> **WORK TASK**
Output exactly, and only, the stretch of lines beginning at the line with "Salon de jardin" and ending at the last line of the listing below. Drop the pictures.

> **DATA EXCERPT**
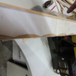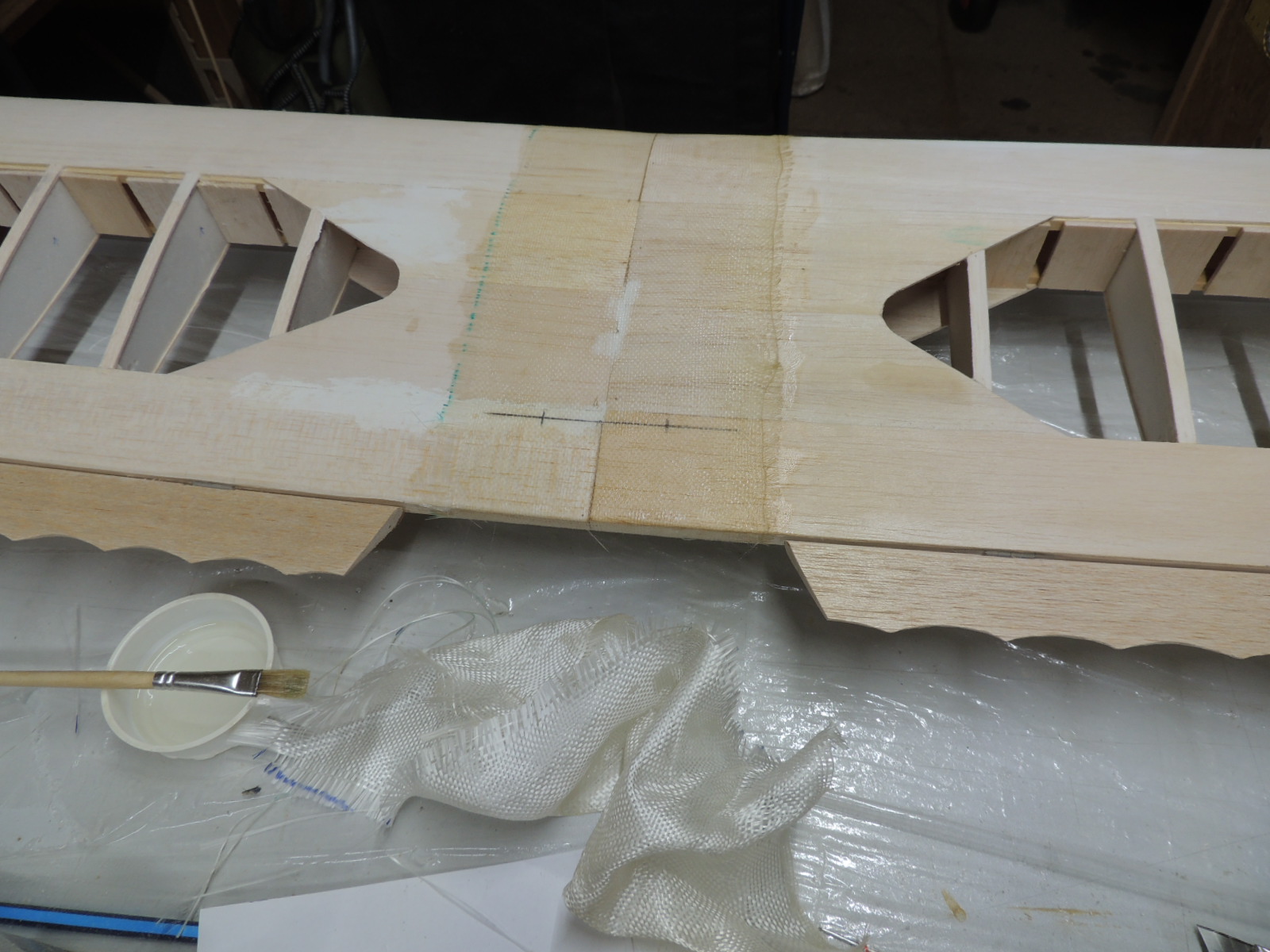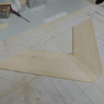Einen original Bauplan lieh mir mein Freund Hans Peter. Nach erster Sichtung war klar, dass der Bau der Tragfläche für mich in dieser Ausführung (Jedelskybauweise) nicht machbar ist. Hier werden Profilbretter, die gleichermaßen Nasenleiste und vordere Beplankung sowie Holme in fast 10mm Stärke bilden, benutzt. Dementsprechend sind die Rippen gezeichnet. Da im Plan aber ein vollständiges Profil abgebildet ist, konnte ich dieses ohne Beplankung nachzeichnen und eine Tragfläche in konventioneller Holm-Rippenbauweise fertigen. Zu erwähnen ist hier nur, dass ich die Rippen aus 6mm Depron geschnitten habe – das geht sehr schnell, ist günstig und leicht. Ansonsten besteht der Rest aus Holz bis auf das CFK- Fahrwerk, die Motorhaube (Joghurtbecher) sowie die Anlenkungsteile und die Elektronik.
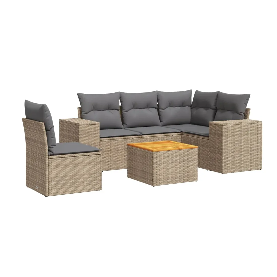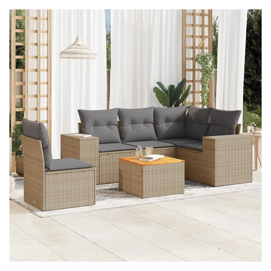 Salon de jardin avec coussins 6 pcs beige résine tressée
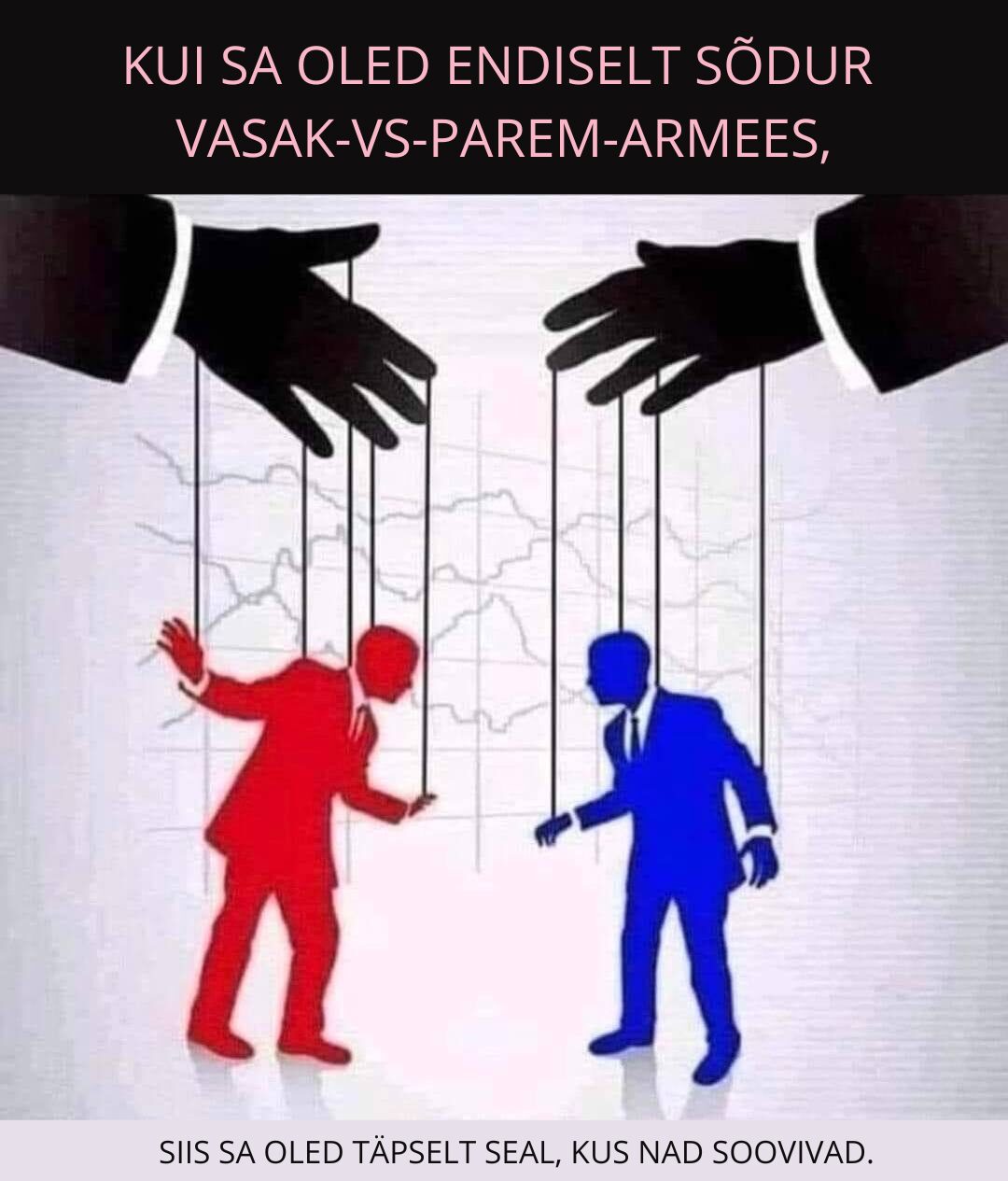 “Kui valimised midagi muudaks, oleks need ammu ära keelatud” on üks teine äärmiselt tuntud vandenõukultuuri mõttekäik, aga sellegipoolest usub pea pool elanikkonnast, et kui Trump pääseks võimule, saaksime oma mured ja probleemid lahendatud. Täpselt sama usub ühe oma lemmikerakonna kohta ka väga suur hulk eestlasi.

> **WRITTEN RESPONSE**
 Salon de jardin avec coussins 6 pcs beige résine tressée
 “Kui valimised midagi muudaks, oleks need ammu ära keelatud” on üks teine äärmiselt tuntud vandenõukultuuri mõttekäik, aga sellegipoolest usub pea pool elanikkonnast, et kui Trump pääseks võimule, saaksime oma mured ja probleemid lahendatud. Täpselt sama usub ühe oma lemmikerakonna kohta ka väga suur hulk eestlasi.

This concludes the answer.